While flying over the appropriate area of the Middle East, I performed a mediumwave dial search for all of the mediumwave channels of ARAMCO Radio as listed in the WR(TV)HB. I found nothing, not on mediumwave and not on FM either.

With little else to do during that lengthy flight sector, the entire flight crew also made their own mediumwave bandscan in the search for ARAMCO Radio on mediumwave, and they came to the same conclusion. They found nothing.

However, after several hours of sleep in the passenger cabin, I was invited back into the Flight Deck around daylight. By that time the plane was flying high over the edge of the Mediterranean. What a splendid view of the entire Mediterranean coastline from Turkey in the north down to Egypt in the south with the Biblical Mt. Ararat to the northeast.

I performed another dial search on the same radio receiver, hoping to hear three American-operated AFRTS stations on the ground below. Just one of the stations was successfully logged, and that was AFRTS Adana, loud and clear with 10 watts on 1590 kHz, at the central corner on the southern coast of Turkey.

A subsequent reception report was posted off to the station and a self-prepared QSL card was duly received. That card, with full QSL details, verified AFRTS Adana, with just 10 watts on 1590 kHz. Interestingly, the wavelength is shown as 61886.792 feet, which is actually a mistake in calculation. By moving the decimal place by two positions, the equivalent is indeed 1590 kHz.

We should also remember that the British also established a radio service in Nepal for the benefit of local army personnel.
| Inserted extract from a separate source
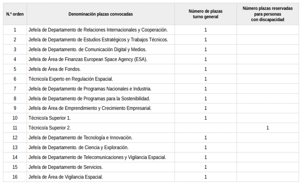 El Ministerio de Defensa y el de Ciencia, Innovación y Universidades han anunciado la convocatoria de un proceso selectivo para cubrir dieciséis (16) plazas de personal laboral fijo, fuera de convenio, para la Agencia Espacial Esañola, con sede en Sevilla, correspondiendo dichas plazas a la Oferta de Empleo Público de 2024 y a la Oferta de Empleo Público de 2025.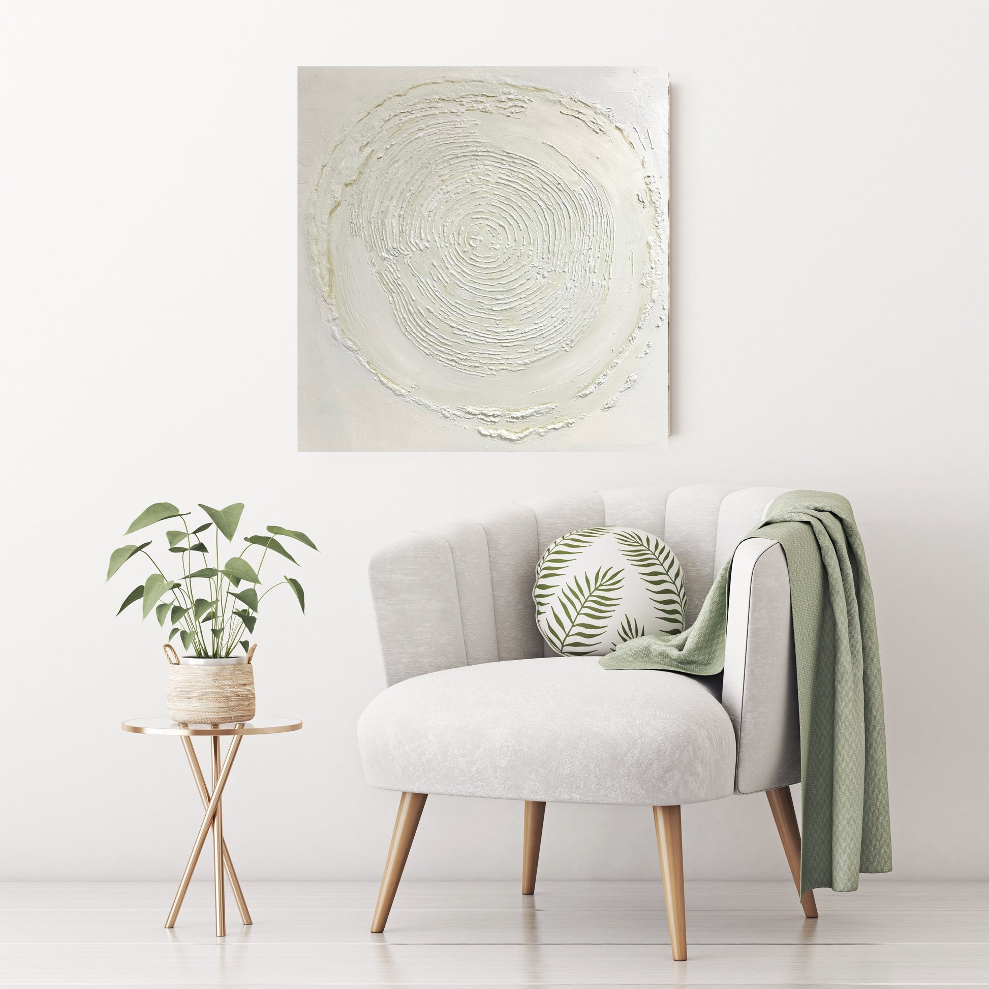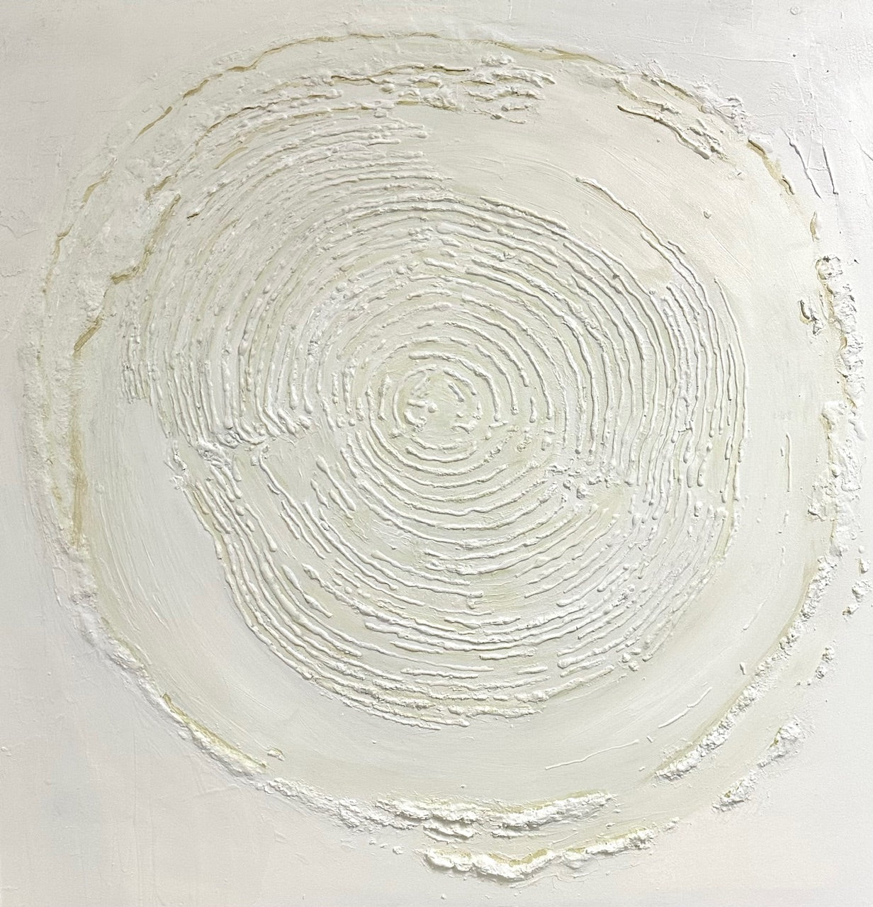 Christina and Jessie prepared the paste and carefully traced the tree ring through a projector onto the canvas. Careful with each detail and ring, they built up the rings and sealed the textured area. After several months the surface was ready to paint. I added neutral colors to enhance the shadows and separate the print from the background.

The British army established a transition camp at Dharan in east Nepal in 1953, and a few years later they began radio programming for the encampment, which consisted of music and information in English and also in the Nepali language.

Back in that era while I was making the flight from India into Nepal, the international radio world was speculating that the radio service was on the air, perhaps on mediumwave. I asked my English flight companion, did she know anything about the radio service at the Dharan army encampment. She said she did not know, but she said she would find out and let me know.

In due course I received a communication from her, and she stated that the radio service in the army camp was produced in a radio studio, and that it was broadcast to the entire encampment via a loud speaker system, not over a radio transmitter. We would today call that a form of cable radio.

However, in 2004, the British army established an FM radio service in the national capital Kathmandu which is still on the air to this day. The BFBS transmitter operating on 105.7 MHz carries English programming, and the transmitter on 107.5 MHz carries programming in the Nepali language.